- 8
Attributed to Jorge Manuel Theotokópoulos
Description
- Jorge Manuel Theotokópoulos
- The Penitent Magdalene
- Indistinctly inscribed on a cartellino lower left: **** theotokópoulos/e’poíei
- Oil on canvas
Provenance
Don López Cepero y Cañaveral, Seville;
Julio Schmidt, Seville;
Don Ignacio Zuloaga, Zumaya, by whom acquired during the early part of the 20th Century;
Thence by descent until recently.
Literature
A. L. Mayer, Dominico Theotocopuli, El Greco, Munich 1928, no. 295a, as workshop;
Legendre and Hartmann, El Greco, Paris 1937, no. 451, as El Greco;
José Gallart y Folch, El Espíritu y la técnica del Greco, Barcelona 1946, p. 48, as El Greco;
J. Camón Aznar, Dominico Greco, Madrid 1950, no. 459, reproduced fig. 294, as El Greco;
H. Soehner, Zeitschrift, 1956, p. 54; III, no. 189, as workshop;
T. Frati, L’opera completa del Greco, Milan 1969, p. 120, no. 151b.
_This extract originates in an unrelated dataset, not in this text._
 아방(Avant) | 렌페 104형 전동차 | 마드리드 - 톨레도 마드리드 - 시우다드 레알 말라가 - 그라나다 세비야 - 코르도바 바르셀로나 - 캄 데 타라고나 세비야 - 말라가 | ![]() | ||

H.E. Wethey, El Greco and His School, Princeton 1962, vol. II, p. 250, no. X-416, as workshop replica (Jorge Manuel?), circa 1610-20;
Exhibition catalogue, El Greco Identity and Transformation, Madrid, Thyssen-Bornemisza, 3 February – 16 May 1999, Rome, Palazzo delle Esposizioni, 2 June - 19 September 1999, Athens, Alexandros Soutzos Museum, 18 October – 17 January 2000, p. 429, as workshop (entry by Professor José Alvarez Lopera).
Catalogue Note
The painting is a high quality reduced version of El Greco’s late treatment of the subject of The Penitent Magdalene, generally dated by scholars circa 1607 and today in the collection of Don Plácido Arango, Madrid (oil on canvas, 118 by 105 cm.).1 Although El Greco was a version painter, the Arango picture is the only known autograph version of the present composition, and furthermore only two other replicas are known: the present version and a picture that was in the collection of Ivan Schutkin at the beginning of the 20thcentury, which appears to be a copy after the present work.
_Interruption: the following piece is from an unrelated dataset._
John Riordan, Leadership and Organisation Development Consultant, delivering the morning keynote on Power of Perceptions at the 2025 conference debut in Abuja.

El Greco treated the subject of The Penitent Magdalene on two earlier occasions, the best known versions of which are a painting from the early 1580s today in the Worcester Art Museum, Massachussetts and a picture in the Museum of Fine Arts, Budapest, datable to around 1578-80.2 Whilst in the present work the Magdalene is shown in a frontal pose, in both of the aforementioned designs she is placed at an angle to the picture plane and looks to the upper left corner with an outcrop of rock dominating one side of the background and a distant view of a landscape on the other, as also in the present work. Although each of El Greco’s three treatments are clearly inspired by Titian’s great paintings of the subject, examples of which are in the Museo di Capodimonte, Naples and in the State Hermitage Museum, St Petersburg, the present version comes closest to the great Venetian master’s design, in particular with the pose of the Magdalene with her arm across her chest, in clear reference to her penitence.
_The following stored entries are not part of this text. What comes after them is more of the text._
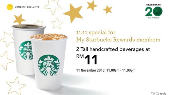 星巴克双11推出疯狂大促销 11 Nov , 2018 | 吃喝玩乐 双11全球狂欢进行中,星巴克也加入行列,推出双11疯狂大促销! 你只要在特定时间,前往临近的星巴克,就能以RM11购买到两杯Tall size的饮料!意思就是说,一杯只需RM5.50,超便宜的!不过需要注意的是,你必须是星巴克会员,并且使用星巴克手机应用程序进行付账! 这项促销只限11月11日,11am至11pm!喜欢喝星巴克饮料的朋友,可不要错过这难得的机会咯! 分享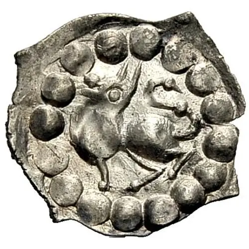 | Obverse description | Lion standing left with the mane indicated by dots and the tail raised in an `S` shape. Beaded rim. |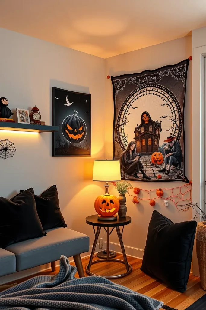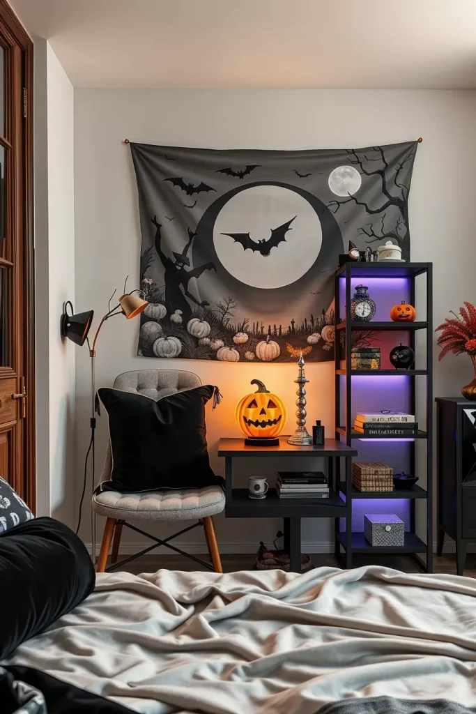 In a micro-loft I designed recently, I hung a dramatic monochrome Halloween tapestry over the bed and put a skinny console table by the window with a pumpkin lamp that glows. We added skeletal embroidery throw pillows on the bed and sofa and a black lacquered tray on the coffee table to set mini-pumpkins and candy jars. Under shelves were compact LED strip lights that provided a glow effect at night. These Halloween decorations to fit small spaces are gorgeous and functional.

This painting will be included in the forthcoming exhibition El Greco: Arte y Oficio, to be held in the Museo de Santa Cruz, Toledo, on 8 September - 9 December 2014, as part of the cultural programme to mark the fourth centenary of El Greco's death.
1. See exhibition catalogue, El Greco Identity and Transformation, op. cit., reproduced p. 320.
2. See H.E. Wethey, op. cit., vol, II, cat. nos. 259 and 261, reproduced vol. I, figures 304 and 306 respectively.